Data for analysis:

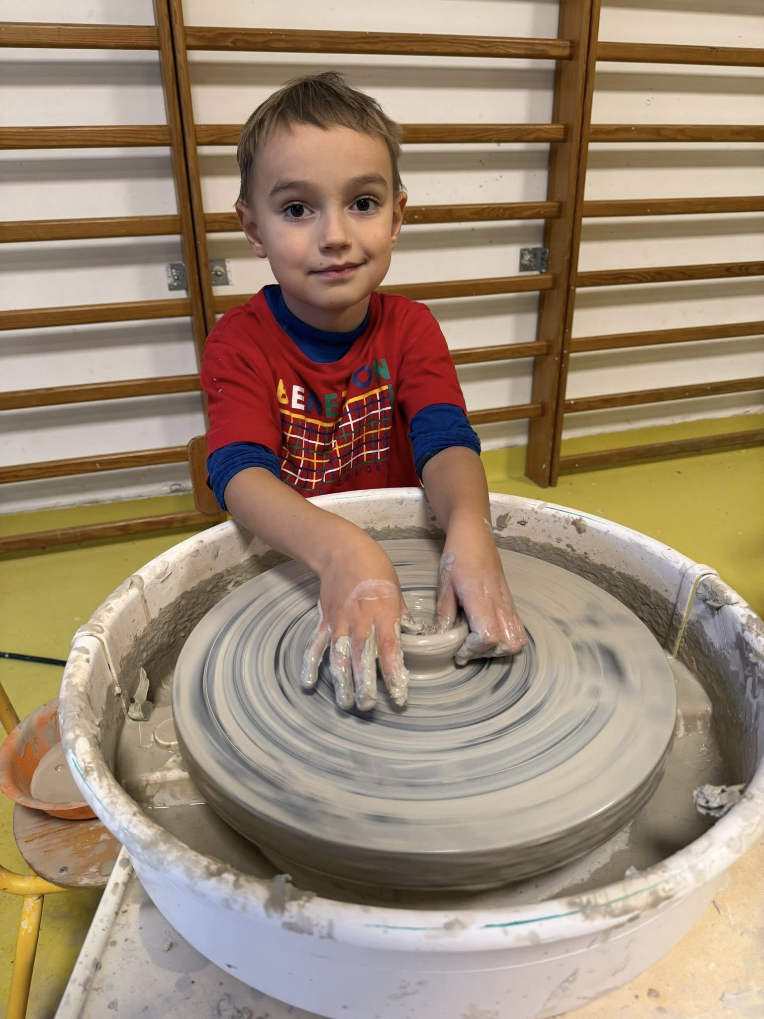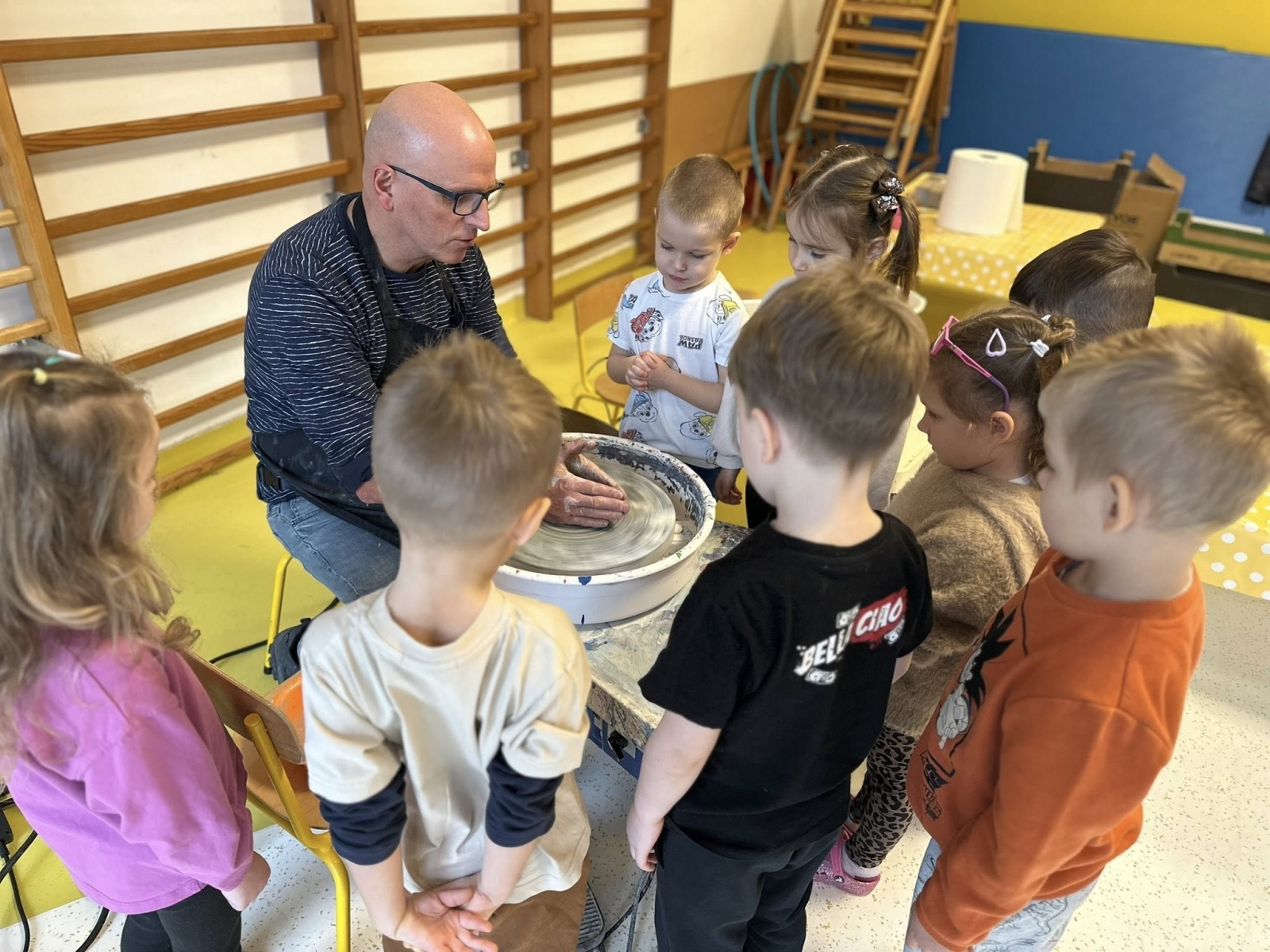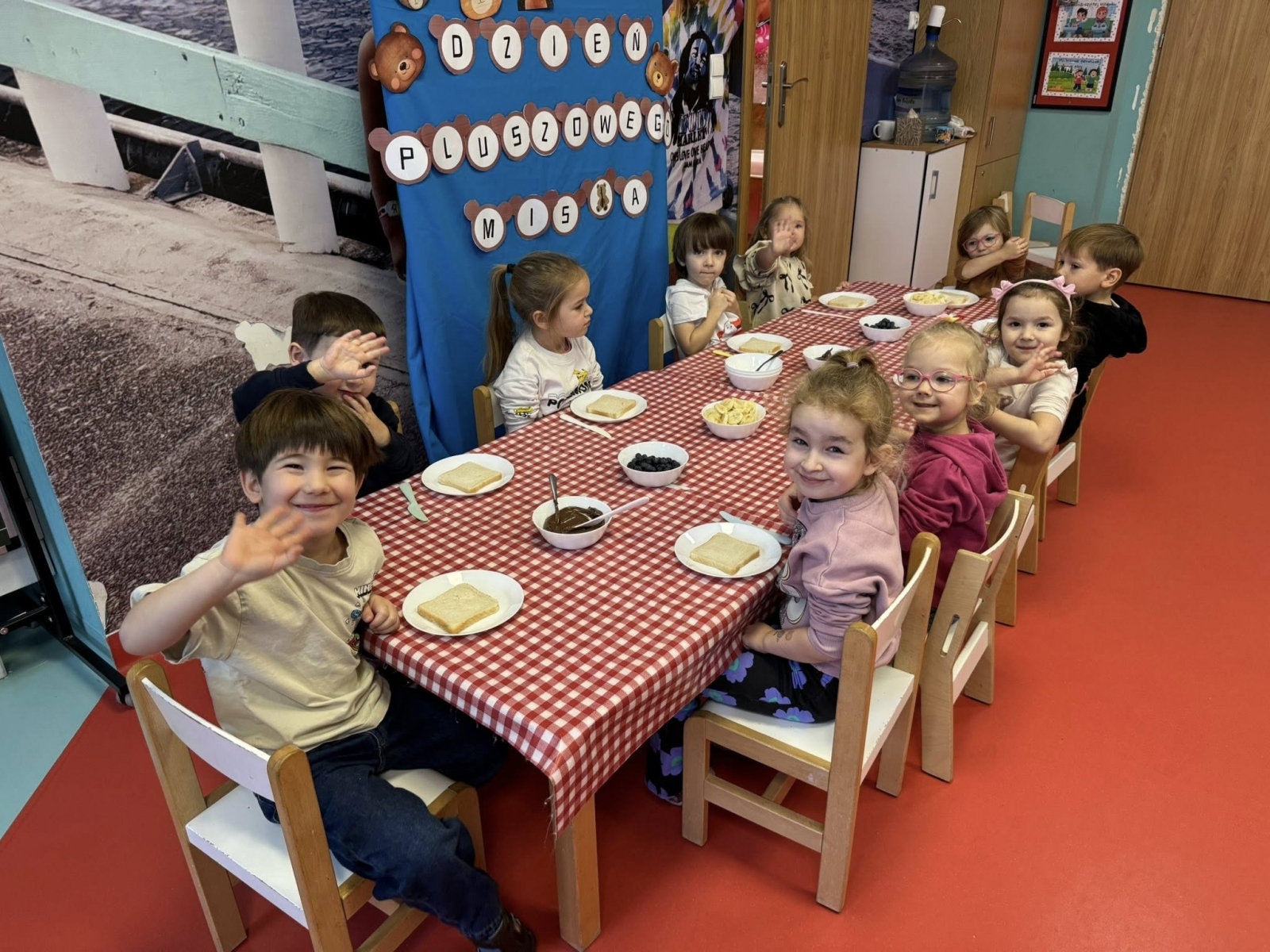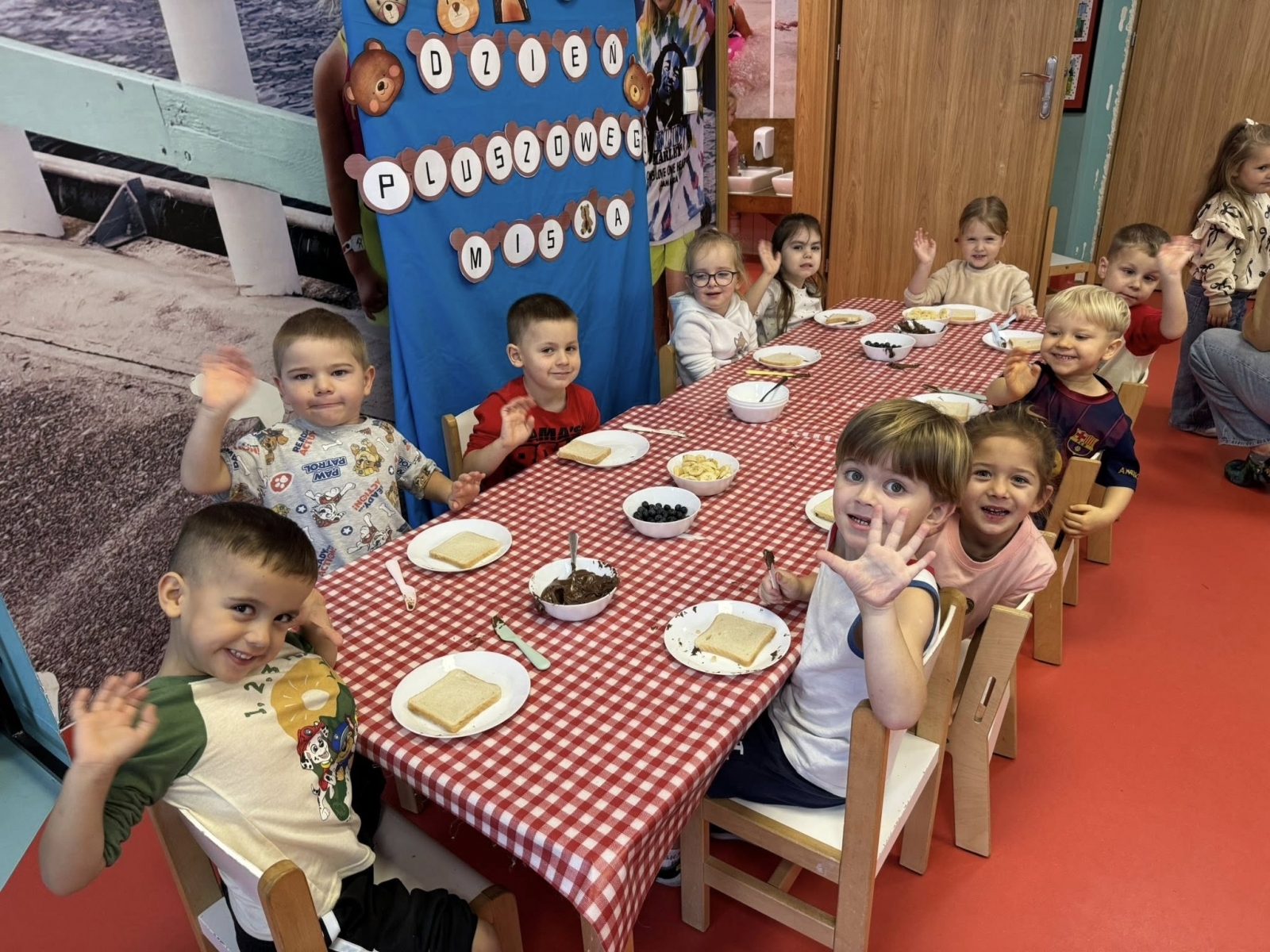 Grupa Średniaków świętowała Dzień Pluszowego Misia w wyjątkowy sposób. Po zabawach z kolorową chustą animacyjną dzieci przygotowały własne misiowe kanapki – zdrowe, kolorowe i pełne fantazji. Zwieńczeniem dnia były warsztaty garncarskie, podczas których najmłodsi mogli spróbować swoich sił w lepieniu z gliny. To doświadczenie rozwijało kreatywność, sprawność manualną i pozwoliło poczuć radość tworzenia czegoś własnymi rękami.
...
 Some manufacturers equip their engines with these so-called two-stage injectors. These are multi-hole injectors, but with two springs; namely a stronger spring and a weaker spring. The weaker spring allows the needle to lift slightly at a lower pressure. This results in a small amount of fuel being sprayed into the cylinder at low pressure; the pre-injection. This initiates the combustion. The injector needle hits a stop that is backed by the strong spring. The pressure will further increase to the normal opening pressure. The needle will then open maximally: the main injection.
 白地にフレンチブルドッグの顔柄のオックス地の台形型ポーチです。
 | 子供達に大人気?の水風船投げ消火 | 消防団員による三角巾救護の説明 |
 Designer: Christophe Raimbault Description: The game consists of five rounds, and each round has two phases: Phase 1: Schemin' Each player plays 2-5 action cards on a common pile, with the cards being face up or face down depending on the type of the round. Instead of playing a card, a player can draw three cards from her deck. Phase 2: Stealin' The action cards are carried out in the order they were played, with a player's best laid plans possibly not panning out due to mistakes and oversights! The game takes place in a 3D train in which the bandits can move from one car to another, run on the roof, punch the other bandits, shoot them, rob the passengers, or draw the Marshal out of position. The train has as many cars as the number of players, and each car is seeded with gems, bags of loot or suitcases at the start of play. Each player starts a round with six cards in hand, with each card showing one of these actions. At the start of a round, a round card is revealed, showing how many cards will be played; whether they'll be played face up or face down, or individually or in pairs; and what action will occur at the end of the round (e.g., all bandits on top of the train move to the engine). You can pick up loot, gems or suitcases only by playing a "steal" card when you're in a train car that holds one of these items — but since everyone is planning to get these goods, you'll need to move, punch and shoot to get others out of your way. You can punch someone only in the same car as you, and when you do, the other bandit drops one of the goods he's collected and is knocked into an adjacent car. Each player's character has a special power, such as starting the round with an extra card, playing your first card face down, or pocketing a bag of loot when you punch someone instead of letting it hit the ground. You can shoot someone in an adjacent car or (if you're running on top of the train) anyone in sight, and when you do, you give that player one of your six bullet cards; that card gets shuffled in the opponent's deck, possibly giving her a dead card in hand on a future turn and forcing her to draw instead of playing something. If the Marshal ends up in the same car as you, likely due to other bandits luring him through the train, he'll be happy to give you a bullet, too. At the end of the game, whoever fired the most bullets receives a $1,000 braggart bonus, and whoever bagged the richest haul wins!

Task goal: Repeat, character for character, the lines of the material above from the line with "白地にフレンチブルドッグの顔柄のオックス地の台形型ポーチです。" through the line with "子供達に大人気?の水風船投げ消火 | 消防団員による三角巾救護の説明 |".

Exercise solution:
 白地にフレンチブルドッグの顔柄のオックス地の台形型ポーチです。
 | 子供達に大人気?の水風船投げ消火 | 消防団員による三角巾救護の説明 |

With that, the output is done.